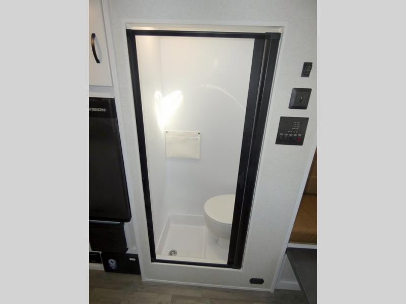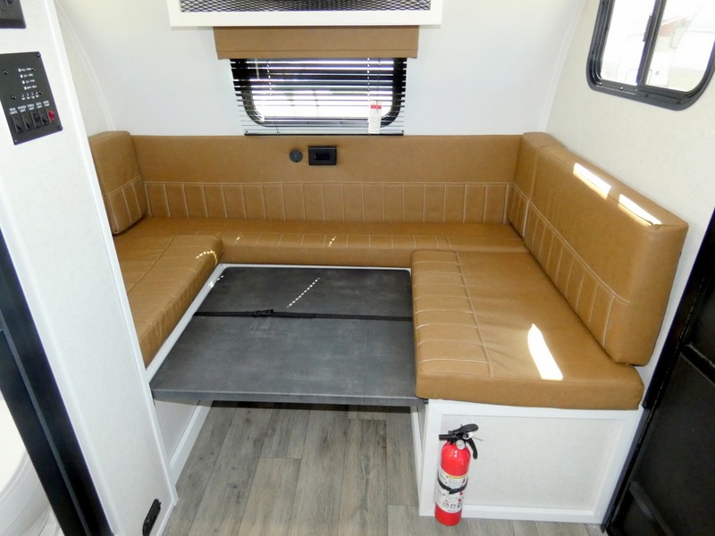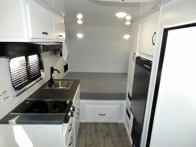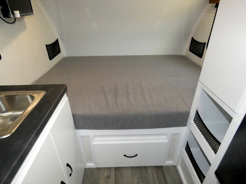 If you're looking for a teardrop trailer with a little more sleeping space, check out this Big Buggy BB16! There is a front U-shaped dinette that can convert to cozy sleeping space, along with a 78" x 36" upper bunk, a two burner stove, and a large refrigerator for food. You can clean up each day in the wet bath that includes a two way bath vent fan plus a Dometic toilet. The exterior baggage door will keep all your gear secure, and the torsion axle will provide smooth towing from home to campground.
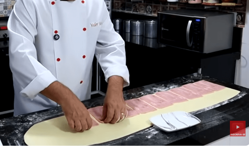 Svaki dio razvaljajte u tanak pravougaonik. Po sredini nanesite tanki sloj sosa, zatim rasporedite šunku i sir.
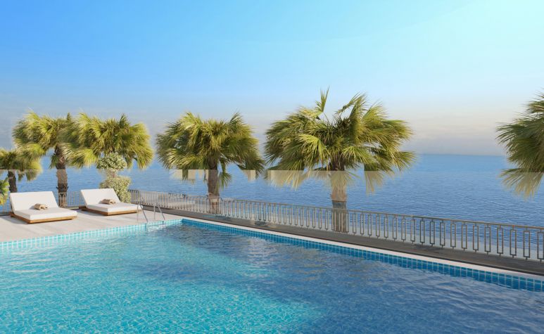 Собствен, с платформа. Чадъри и шезлонги на плажа и при басейна - безплатно, плажни кърпи срещу депозит.
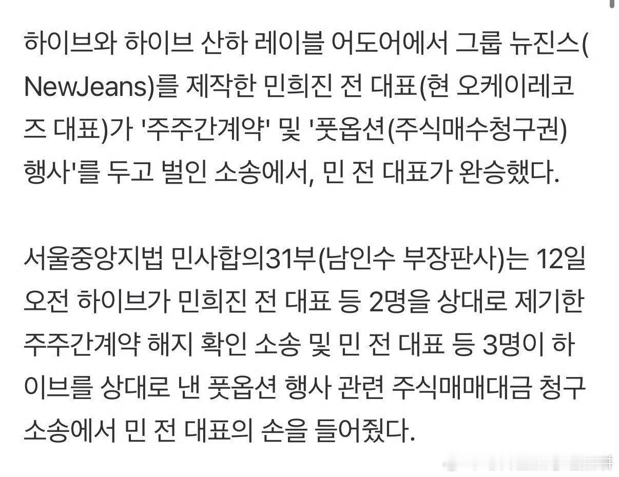 闵熙珍在和HYBE的诉讼中胜诉,法院大体采用了闵这一方的主张,驳回了HYBE的大
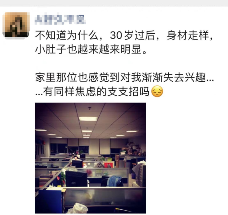 是这样的,上周看同事发朋友圈,抱怨自己身材走样,小肚子也越来越明显。
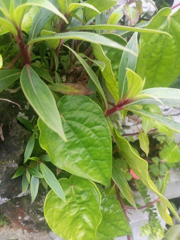 The image displays a close-up, vertical shot of dense green foliage in the city of Zee Pin Kone, Myanmar. The central focus is a cluster of large, prominent, heart-shaped green leaves with distinct venation, indicative of a betel plant. Interspersed among these are numerous elongated, lanceolate green leaves, some exhibiting lighter edges, originating from plants with noticeable reddish-brown stems. Smaller, lighter green leaves and stems are visible throughout the composition, suggesting diverse plant growth. To the immediate left, a dark, textured surface, possibly rock or concrete with moss, is partially visible. The background consists of blurred lighter tones, consistent with an out-of-focus wall or structure, suggesting an outdoor or garden setting. No human figures or discernible actions are present.

========

Task statement
Set down the line containing "闵熙珍在和HYBE的诉讼中胜", then every later line through the end of the material, exactly as written; omit any picture.

Result of this exercise
 闵熙珍在和HYBE的诉讼中胜诉,法院大体采用了闵这一方的主张,驳回了HYBE的大
 是这样的,上周看同事发朋友圈,抱怨自己身材走样,小肚子也越来越明显。
 The image displays a close-up, vertical shot of dense green foliage in the city of Zee Pin Kone, Myanmar. The central focus is a cluster of large, prominent, heart-shaped green leaves with distinct venation, indicative of a betel plant. Interspersed among these are numerous elongated, lanceolate green leaves, some exhibiting lighter edges, originating from plants with noticeable reddish-brown stems. Smaller, lighter green leaves and stems are visible throughout the composition, suggesting diverse plant growth. To the immediate left, a dark, textured surface, possibly rock or concrete with moss, is partially visible. The background consists of blurred lighter tones, consistent with an out-of-focus wall or structure, suggesting an outdoor or garden setting. No human figures or discernible actions are present.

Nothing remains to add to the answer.